START DATA IN THIS EXERCISE

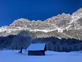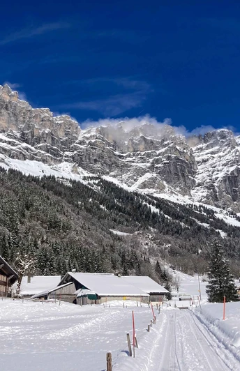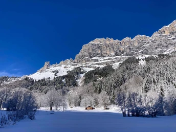 Weiter geht es nun von Gadmen nach Fuhren. Ab und zu poltert es in den Kalkwänden, wenn sich irgendwo Schnee und Steine lösen. Bei winterlichen Verhältnissen ist es schwer vorstellbar, dass die eindrücklichen Felswände im Sommer ein Kletterparadies sind und mit ihren über 100 Mehrseillängenrouten Kletternde aus aller Welt entzücken. In Fuhren gibt es wenige Schritte vom Winterwanderweg und der Bushaltestelle entfernt ein Restaurant, in dem man sich aufwärmen kann.
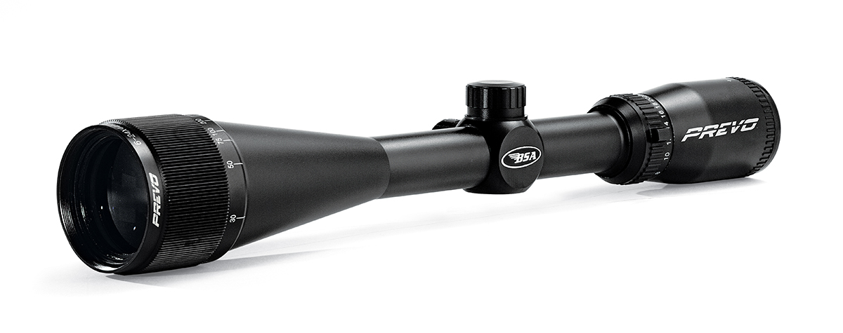 The Prevo hunting scope line is designed for the diehard hunter. Models include the PV3–9x40mm (SRP: $69.95), PV3.5–10x50mm (SRP: $79.95), PV4–16x44mm (SRP: $104.95), and PV6–24x44mm (SRP: $109.95), all of which feature a 30/30 reticle. (bsaoptics.com)
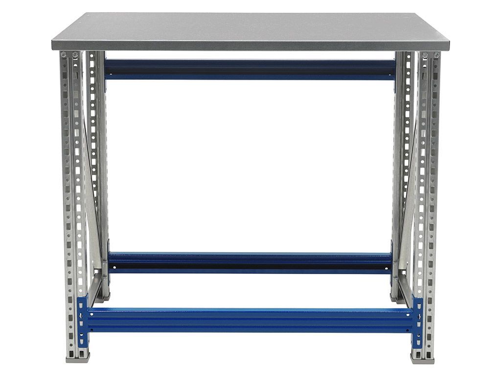 - Основные элементы верстака (опоры, полка, накладка на столешницу) изготовлены из оцинкованной стали, что позволяет устанавливать его в местах с повышенной влажностью.
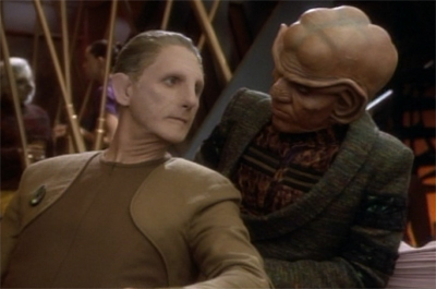 There’s also some nice stuff in there about attempted extraordinary rendition, underscoring just how murky the politics of Deep Space Nine actually are. (Although the characters refer to it as “unilateral extradition.”) The opening kidnapping sequence seems to exist merely to up the dramatic stakes and provide some action at the start of a court room drama, but it’s nice that the writers seem to have actually thought through the political logic about such an action. Even the show’s court room episode involves the politics of Bajor and Cardassia.
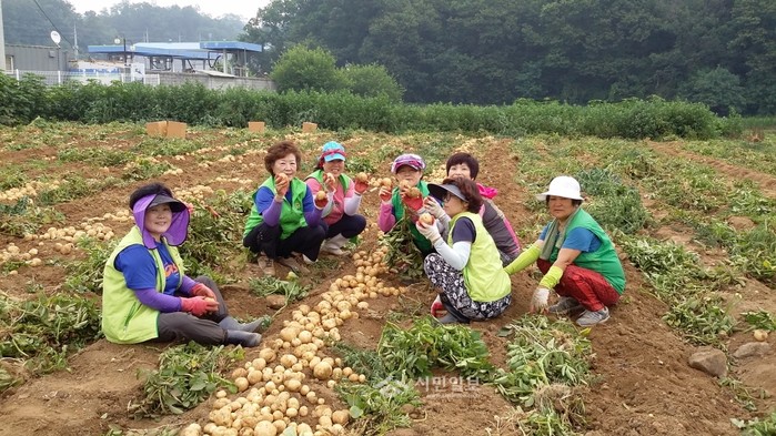 최근 경기 동두천시 상패동 새마을남녀지도자협의회원, 상패동 주민센터 직원 등 30여명이 ‘이웃돕기 재원마련을 위한 사랑의 감자수확’을 실시했다. 사진은 수확한 감자를 들고 있는 새마을남녀지도자협의회원과 주민센터 직원의 모습.(사진제공=동두천시청)
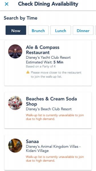 We noticed that Ale & Compass Restaurant showed an estimated wait time of 5 minutes based on a party of 4. (It also requested that we “move closer to the restaurant” to join the walk-up list.) As a reminder, some restaurants may have walk-up availability even if they do not have the mobile capability, as noted on the app. Guests are always welcome to check with a Cast Member.
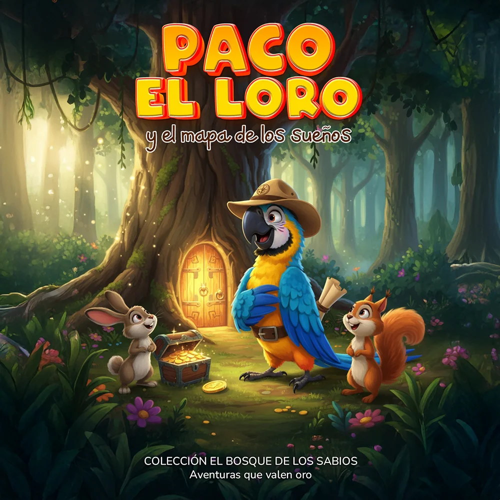 En el Bosque de los Sabios vivía Paco, un loro guacamayo lleno de imaginación y ganas de explorar. Soñaba con tener una mochila mágica para llevar sus tesoros, pero no tenía monedas suficientes. Tras buscar sin éxito, acudió a Don Búho, quien le enseñó que para alcanzar sus sueños debía planificar y guardar con paciencia. Poco a poco, Paco entendió que ahorrar con un propósito convierte lo imposible en alcanzable.

END DATA IN THIS EXERCISE

# TASK REQUIREMENTS:
Do not include the images; transcribe the rest of the listing exactly.

# RESULT OF THE TASK:
 Weiter geht es nun von Gadmen nach Fuhren. Ab und zu poltert es in den Kalkwänden, wenn sich irgendwo Schnee und Steine lösen. Bei winterlichen Verhältnissen ist es schwer vorstellbar, dass die eindrücklichen Felswände im Sommer ein Kletterparadies sind und mit ihren über 100 Mehrseillängenrouten Kletternde aus aller Welt entzücken. In Fuhren gibt es wenige Schritte vom Winterwanderweg und der Bushaltestelle entfernt ein Restaurant, in dem man sich aufwärmen kann.
 The Prevo hunting scope line is designed for the diehard hunter. Models include the PV3–9x40mm (SRP: $69.95), PV3.5–10x50mm (SRP: $79.95), PV4–16x44mm (SRP: $104.95), and PV6–24x44mm (SRP: $109.95), all of which feature a 30/30 reticle. (bsaoptics.com)
 - Основные элементы верстака (опоры, полка, накладка на столешницу) изготовлены из оцинкованной стали, что позволяет устанавливать его в местах с повышенной влажностью.
 There’s also some nice stuff in there about attempted extraordinary rendition, underscoring just how murky the politics of Deep Space Nine actually are. (Although the characters refer to it as “unilateral extradition.”) The opening kidnapping sequence seems to exist merely to up the dramatic stakes and provide some action at the start of a court room drama, but it’s nice that the writers seem to have actually thought through the political logic about such an action. Even the show’s court room episode involves the politics of Bajor and Cardassia.
 최근 경기 동두천시 상패동 새마을남녀지도자협의회원, 상패동 주민센터 직원 등 30여명이 ‘이웃돕기 재원마련을 위한 사랑의 감자수확’을 실시했다. 사진은 수확한 감자를 들고 있는 새마을남녀지도자협의회원과 주민센터 직원의 모습.(사진제공=동두천시청)
 We noticed that Ale & Compass Restaurant showed an estimated wait time of 5 minutes based on a party of 4. (It also requested that we “move closer to the restaurant” to join the walk-up list.) As a reminder, some restaurants may have walk-up availability even if they do not have the mobile capability, as noted on the app. Guests are always welcome to check with a Cast Member.
 En el Bosque de los Sabios vivía Paco, un loro guacamayo lleno de imaginación y ganas de explorar. Soñaba con tener una mochila mágica para llevar sus tesoros, pero no tenía monedas suficientes. Tras buscar sin éxito, acudió a Don Búho, quien le enseñó que para alcanzar sus sueños debía planificar y guardar con paciencia. Poco a poco, Paco entendió que ahorrar con un propósito convierte lo imposible en alcanzable.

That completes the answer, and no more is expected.